I'm running MariaDB 10.2.29, and started exploring JSON data types. I'm trying to understand how to group by dynamic JSON keys, and sum up their nested values. For example, the table contains the following in the 'data' field entries:
MariaDB [vstats]> select data from top_domains where vtime >= '1573666140' and vtime <= '1573666200' limit 2\G
*************************** 1. row ***************************
data: {"domain1.com":{"total":"260","cached":"153"},"domain2.com":{"total":"1501","cached":"1170"},"domain3.com":{"total":"212","cached":"190"},"domain4.com":{"total":"1206","cached":"1118"},"domain5.com":{"total":"353","cached":"285"},"domain6.com":{"total":"216","cached":"41"},"domain7.com":{"total":"112","cached":"78"},"domain8.com":{"total":"220","cached":"194"},"domain9.com":{"total":"95","cached":"62"},"domain10.com":{"total":"99","cached":"18"}}
*************************** 2. row ***************************
data: {"domain1.com":{"total":"240","cached":"166"},"domain2.com":{"total":"1644","cached":"1279"},"domain3.com":{"total":"195","cached":"174"},"domain4.com":{"total":"1276","cached":"1185"},"domain12.com":{"total":"84","cached":"72"},"domain5.com":{"total":"373","cached":"258"},"domain6.com":{"total":"92","cached":"13"},"domain7.com":{"total":"148","cached":"102"},"domain11.com":{"total":"217","cached":"25"},"domain8.com":{"total":"380","cached":"345"}}
2 rows in set (0.00 sec)
MariaDB [vstats]>
The 'vtime' field contains epoch values from when the stats were recorded. What I'm trying to get in return is a JSON object, grouped by domain names/JSON keys, with sums for the "total" and "cached" values. I started down a path using a nested select against the json_keys(data,'$')

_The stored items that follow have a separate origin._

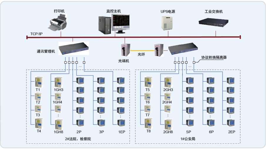 该项目有1#(公安局)、2#(法院、检察院)两个变配电室,室内的配电柜中安装了安科瑞332块PZ系列可编程智能电测表。为了能够实现电力参数实时遥测、电能计量、电能报表等功能,系统采用Acrel-3000电能管理软件,做到集中管理、集中控制,省去了值班人员现场抄表的烦琐,具有投资少、简明实用、便于智能管理等优点。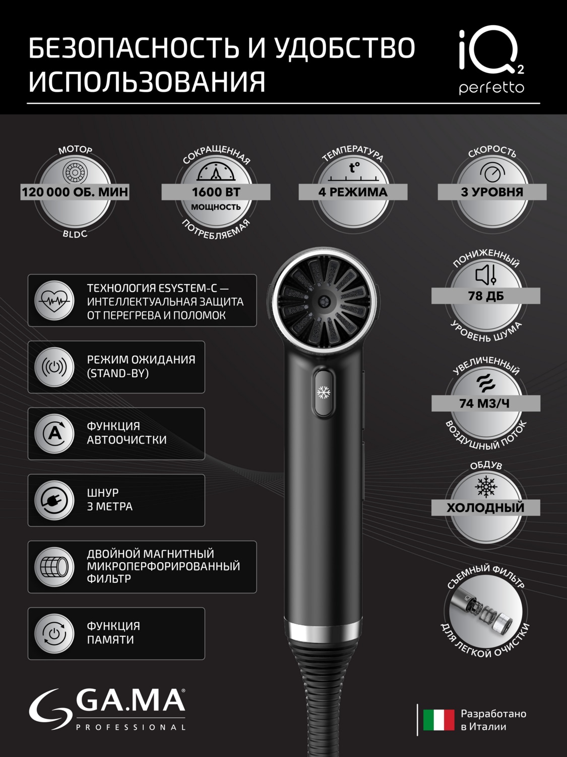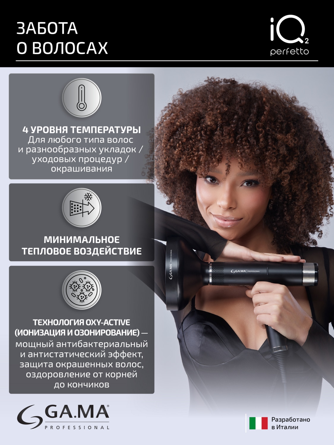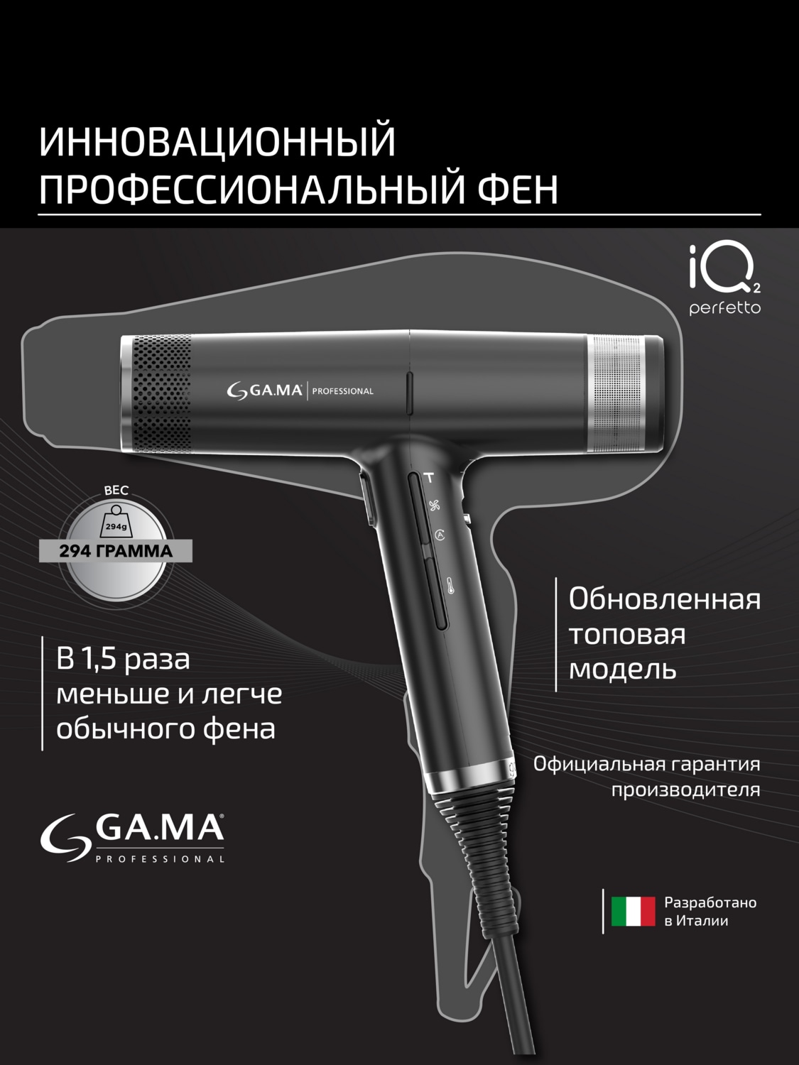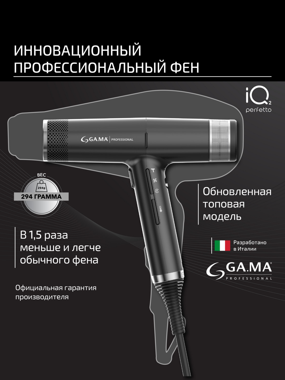 Фен GA.MA IQ2 Perfetto – самый лёгкий профессиональный фен, он весит всего 294 грамма, сушит волосы на 30% быстрее и имеет более длительный срок службы. Это прибор, о котором всегда мечтали стилисты.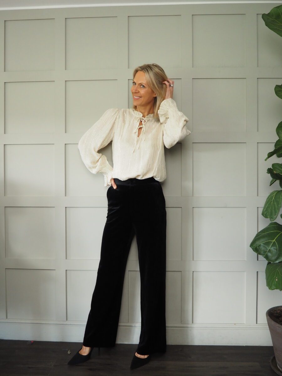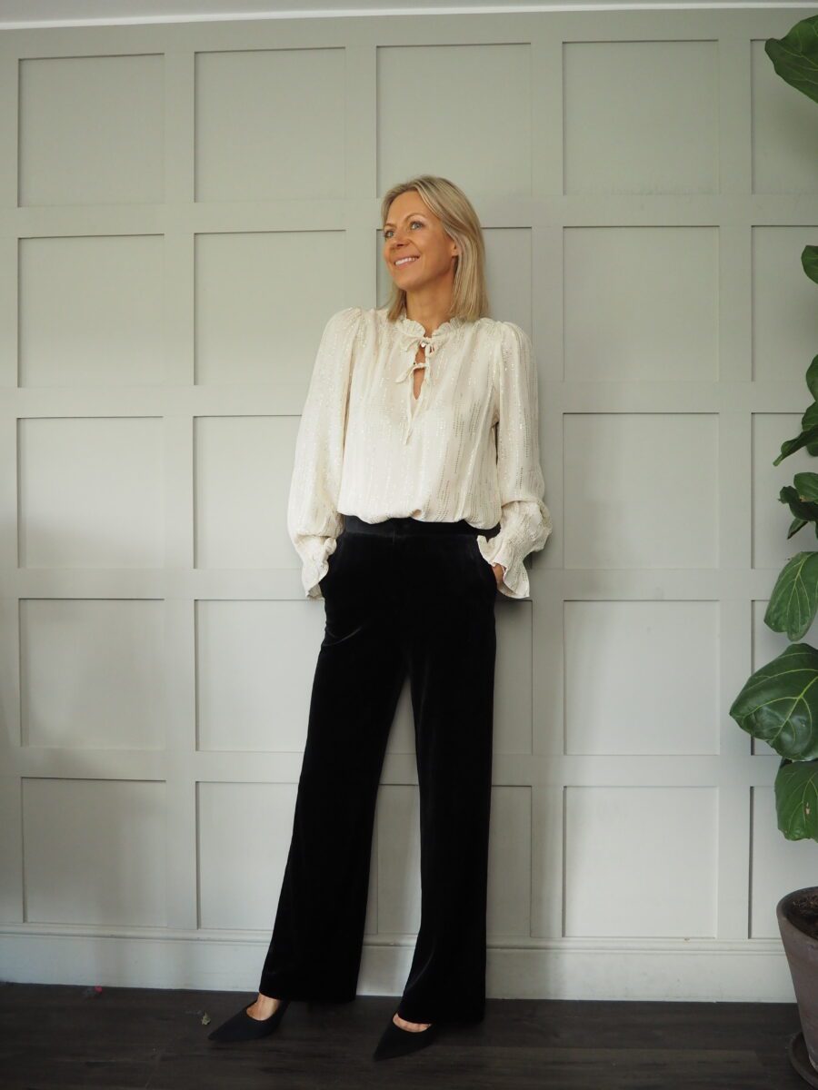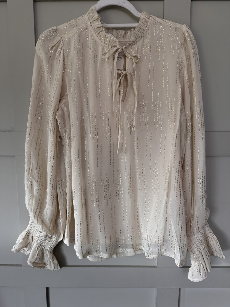 Pretty little blouse with gold and silver sparkly thread detail throughout. This blouse has a pretty, frilly high pie crust collar, two tie details at the neck, both of which can be tied up or left undone. Slightly puffed shoulders and elasticated cuffs with frill detail. The body is lined.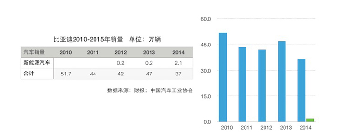 从那之后,比亚迪将更多的精力和资源转移至新能源汽车业务。但是受限于国家政策、价格因素以及市场成熟度等原因,直到2013年年底“秦”的出现和鼓励新能源汽车相关政策的出台,比亚迪新能源汽车业务才出现小爆发,不过付出的代价就是集团整体汽车销量波动较大。
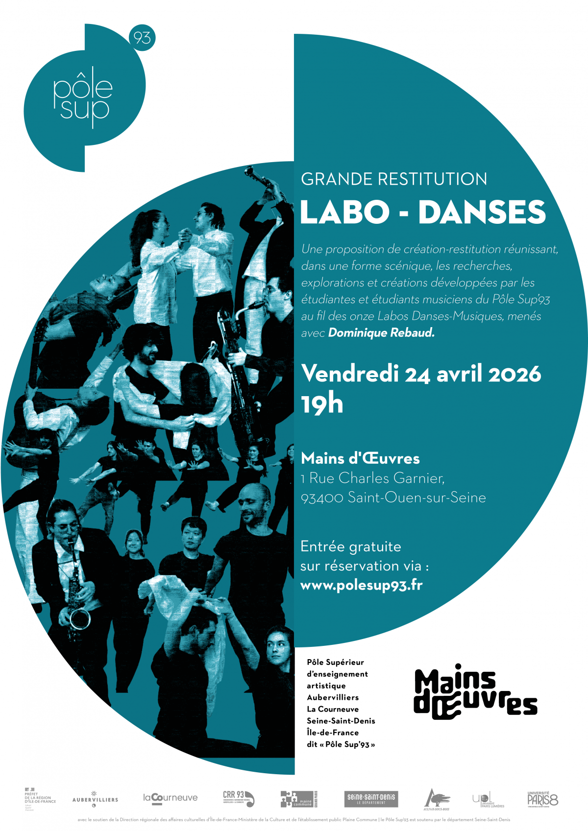 Le Pôle Sup’93 présente la Grande restitution des Labos Danses-Musiques, une création collective réunissant, dans une forme scénique, les recherches, explorations et créations développées par les étudiantes et étudiants musiciens du Pôle Sup’93 au fil des onze Labos Danses-Musiques, menés avec la chorégraphe Dominique Rebaud.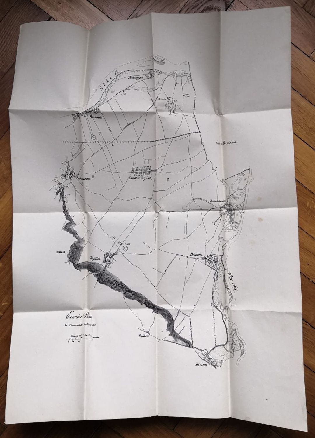 2) "Taktisches Corps Manoeuvre" (455 x 285 mm), "Uibersichts-Karte des Manoeuvre-Terrain im Jahre 1846" (440 x 280 mm), "Ordre de Bataille der bei Theresienstadt im Jahre 1846 vereinigten Truppen" (440 x 280 mm), "Ordre de Bataille während den Feld-Manoeuvres" (440 x 280 mm), "Kirchenparade" (230 x 280 mm), "Exezier Platz bei Theresienstadt im Jahre 1846" (740 x 540 mm), "Oleate zum taktischen Manoeuvre" (540 x 490 mm). 7 litografovaných rozkládacích plánů s texty.<br>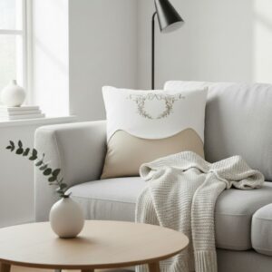 Kauniilla ornamentti koristeella kruunattu tyynynpäällinen soveltuu erinomaisesti erilaisiin sisustuksiin. Beigen väristä tyynyä kaunistaa valkoinen huppu, jossa kaunis ornamenttikuvio. Tyynynpäällisen takaosa on kokonaan beige. Sisustyyny on helppo asettaa tyynynpäällisen sisään, sillä tyynyn alareunassa on piiloon ommeltu vetoketju.

values, but it didn't seem optimal for transversing possibly thousands of entries.
The main reasons I have for wanting to use the JSON table type are:
- Input data comes from a Perl hash encoded to a JSON object
- Output data is parsed and plotted using jQuery
- Reduced table size (I tried using normal columns and primary keys on vtime and domains but it grows far too fast)
- Use a dataset format which doesn't have to be manipulated for input/output
Any pointers would be greatly appreciated.